What is required » Write out the listing from the line with "5月2日,北京奥组委执行副主席杨树安手持火种灯走下飞机。新华社记者刘莲芬摄" to the line with "We’re at it", both lines included, exactly and nothing beyond. Leave pictures out.

Dataset »
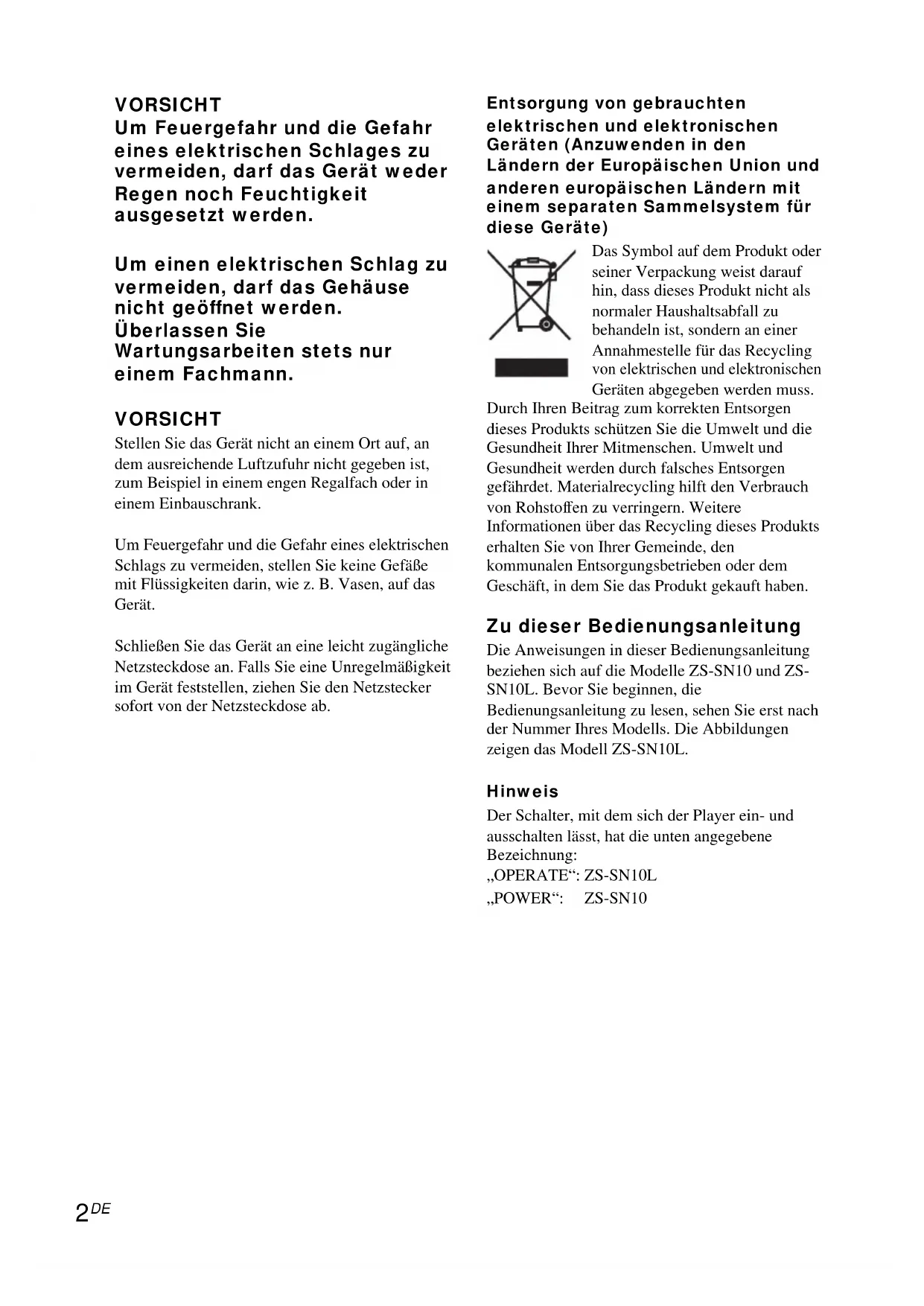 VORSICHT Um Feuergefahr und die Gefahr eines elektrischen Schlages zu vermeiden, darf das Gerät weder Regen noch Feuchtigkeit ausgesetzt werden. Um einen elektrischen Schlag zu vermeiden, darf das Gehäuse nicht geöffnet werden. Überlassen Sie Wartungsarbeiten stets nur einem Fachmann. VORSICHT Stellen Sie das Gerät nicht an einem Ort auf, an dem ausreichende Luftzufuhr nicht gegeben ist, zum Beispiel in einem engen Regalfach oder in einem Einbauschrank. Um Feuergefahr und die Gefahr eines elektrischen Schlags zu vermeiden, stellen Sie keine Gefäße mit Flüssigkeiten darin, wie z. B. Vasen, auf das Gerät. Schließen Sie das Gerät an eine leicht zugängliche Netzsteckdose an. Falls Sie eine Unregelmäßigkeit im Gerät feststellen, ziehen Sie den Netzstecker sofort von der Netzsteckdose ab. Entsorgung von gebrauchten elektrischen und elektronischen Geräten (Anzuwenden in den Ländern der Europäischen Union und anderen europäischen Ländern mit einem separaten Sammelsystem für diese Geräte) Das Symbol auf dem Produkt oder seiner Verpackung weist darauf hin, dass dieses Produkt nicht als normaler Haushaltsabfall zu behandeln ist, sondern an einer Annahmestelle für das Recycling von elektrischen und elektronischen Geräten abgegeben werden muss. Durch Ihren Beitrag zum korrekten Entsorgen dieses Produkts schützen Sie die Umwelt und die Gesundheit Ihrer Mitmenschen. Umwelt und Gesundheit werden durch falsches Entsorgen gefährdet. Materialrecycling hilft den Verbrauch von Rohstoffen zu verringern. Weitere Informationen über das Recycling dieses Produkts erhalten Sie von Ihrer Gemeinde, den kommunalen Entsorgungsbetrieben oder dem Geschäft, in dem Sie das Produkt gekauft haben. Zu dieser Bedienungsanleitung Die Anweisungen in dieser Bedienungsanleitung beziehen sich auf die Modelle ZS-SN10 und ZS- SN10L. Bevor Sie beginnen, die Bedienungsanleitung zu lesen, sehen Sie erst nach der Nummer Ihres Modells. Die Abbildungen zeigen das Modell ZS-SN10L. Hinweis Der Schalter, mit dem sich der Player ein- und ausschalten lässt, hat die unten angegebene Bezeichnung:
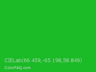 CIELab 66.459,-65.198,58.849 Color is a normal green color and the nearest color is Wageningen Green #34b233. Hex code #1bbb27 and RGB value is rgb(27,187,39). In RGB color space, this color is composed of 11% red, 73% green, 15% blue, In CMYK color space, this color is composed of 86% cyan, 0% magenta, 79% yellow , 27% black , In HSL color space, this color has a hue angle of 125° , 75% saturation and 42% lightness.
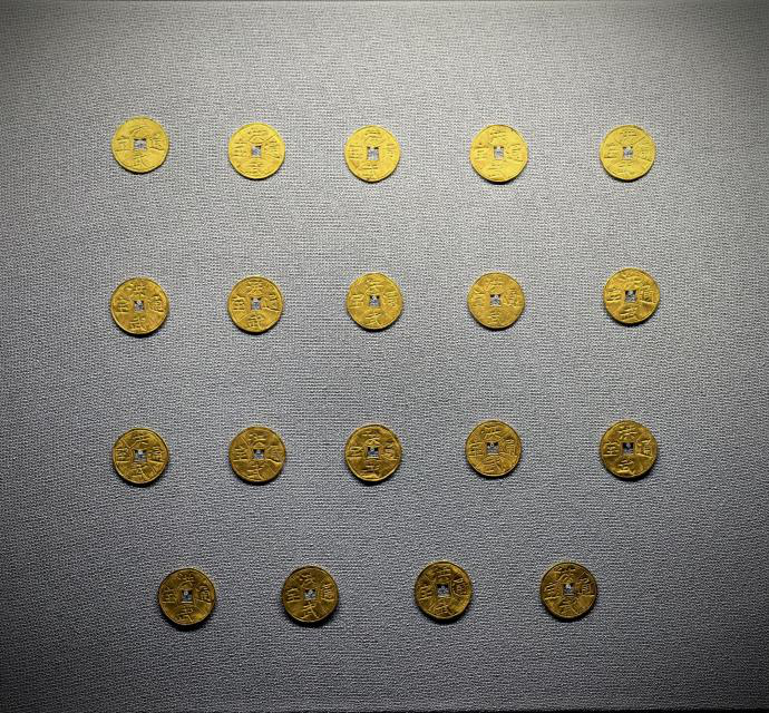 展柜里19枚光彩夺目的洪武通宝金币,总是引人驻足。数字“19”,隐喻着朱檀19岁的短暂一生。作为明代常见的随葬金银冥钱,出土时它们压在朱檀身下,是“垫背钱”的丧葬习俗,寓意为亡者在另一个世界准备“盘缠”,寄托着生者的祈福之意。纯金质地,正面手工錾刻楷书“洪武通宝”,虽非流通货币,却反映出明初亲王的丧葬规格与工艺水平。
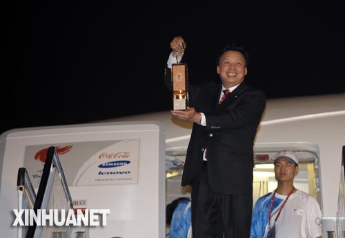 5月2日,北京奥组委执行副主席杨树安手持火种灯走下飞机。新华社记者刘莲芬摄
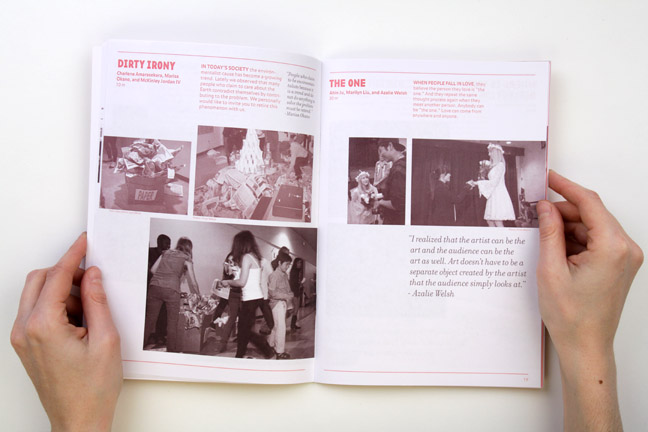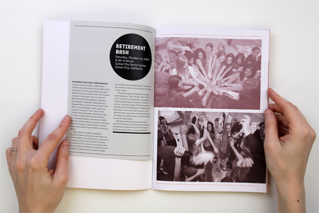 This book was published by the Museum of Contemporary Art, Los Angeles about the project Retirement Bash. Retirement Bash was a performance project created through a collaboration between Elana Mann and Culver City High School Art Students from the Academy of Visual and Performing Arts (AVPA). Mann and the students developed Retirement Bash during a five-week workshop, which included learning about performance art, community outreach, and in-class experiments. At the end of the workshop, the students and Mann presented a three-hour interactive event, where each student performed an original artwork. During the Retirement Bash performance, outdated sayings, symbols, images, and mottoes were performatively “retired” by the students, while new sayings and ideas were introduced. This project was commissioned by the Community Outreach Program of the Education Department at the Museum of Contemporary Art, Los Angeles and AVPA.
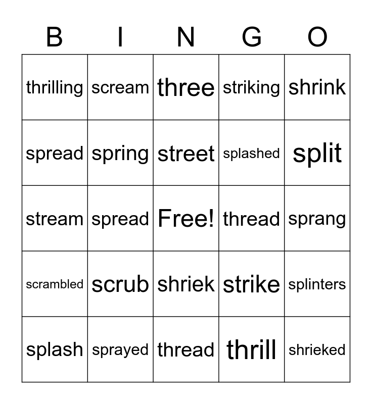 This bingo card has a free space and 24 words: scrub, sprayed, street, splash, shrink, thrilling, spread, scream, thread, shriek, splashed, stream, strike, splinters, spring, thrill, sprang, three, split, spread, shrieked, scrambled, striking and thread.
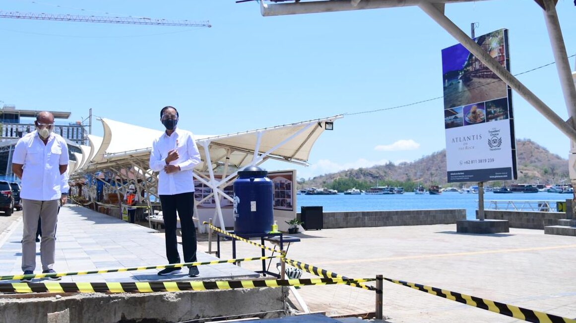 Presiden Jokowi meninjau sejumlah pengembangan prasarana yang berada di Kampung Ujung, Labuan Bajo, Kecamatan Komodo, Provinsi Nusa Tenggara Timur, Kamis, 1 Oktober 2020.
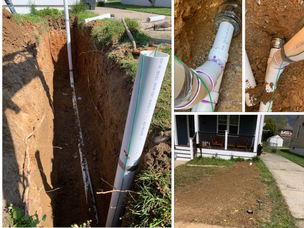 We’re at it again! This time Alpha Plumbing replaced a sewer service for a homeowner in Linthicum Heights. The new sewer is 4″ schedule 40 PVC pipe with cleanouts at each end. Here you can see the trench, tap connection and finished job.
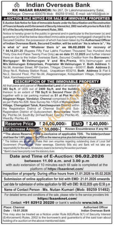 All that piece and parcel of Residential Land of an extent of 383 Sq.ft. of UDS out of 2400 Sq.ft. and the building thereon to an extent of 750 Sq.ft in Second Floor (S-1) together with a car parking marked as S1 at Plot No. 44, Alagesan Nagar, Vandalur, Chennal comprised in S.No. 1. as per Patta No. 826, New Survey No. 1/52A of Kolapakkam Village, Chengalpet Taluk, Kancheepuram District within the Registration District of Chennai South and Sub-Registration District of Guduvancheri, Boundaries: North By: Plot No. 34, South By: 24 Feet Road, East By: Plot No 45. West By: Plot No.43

Reply to the exercise »
 5月2日,北京奥组委执行副主席杨树安手持火种灯走下飞机。新华社记者刘莲芬摄
 This book was published by the Museum of Contemporary Art, Los Angeles about the project Retirement Bash. Retirement Bash was a performance project created through a collaboration between Elana Mann and Culver City High School Art Students from the Academy of Visual and Performing Arts (AVPA). Mann and the students developed Retirement Bash during a five-week workshop, which included learning about performance art, community outreach, and in-class experiments. At the end of the workshop, the students and Mann presented a three-hour interactive event, where each student performed an original artwork. During the Retirement Bash performance, outdated sayings, symbols, images, and mottoes were performatively “retired” by the students, while new sayings and ideas were introduced. This project was commissioned by the Community Outreach Program of the Education Department at the Museum of Contemporary Art, Los Angeles and AVPA.
 This bingo card has a free space and 24 words: scrub, sprayed, street, splash, shrink, thrilling, spread, scream, thread, shriek, splashed, stream, strike, splinters, spring, thrill, sprang, three, split, spread, shrieked, scrambled, striking and thread.
 Presiden Jokowi meninjau sejumlah pengembangan prasarana yang berada di Kampung Ujung, Labuan Bajo, Kecamatan Komodo, Provinsi Nusa Tenggara Timur, Kamis, 1 Oktober 2020.
 We’re at it again! This time Alpha Plumbing replaced a sewer service for a homeowner in Linthicum Heights. The new sewer is 4″ schedule 40 PVC pipe with cleanouts at each end. Here you can see the trench, tap connection and finished job.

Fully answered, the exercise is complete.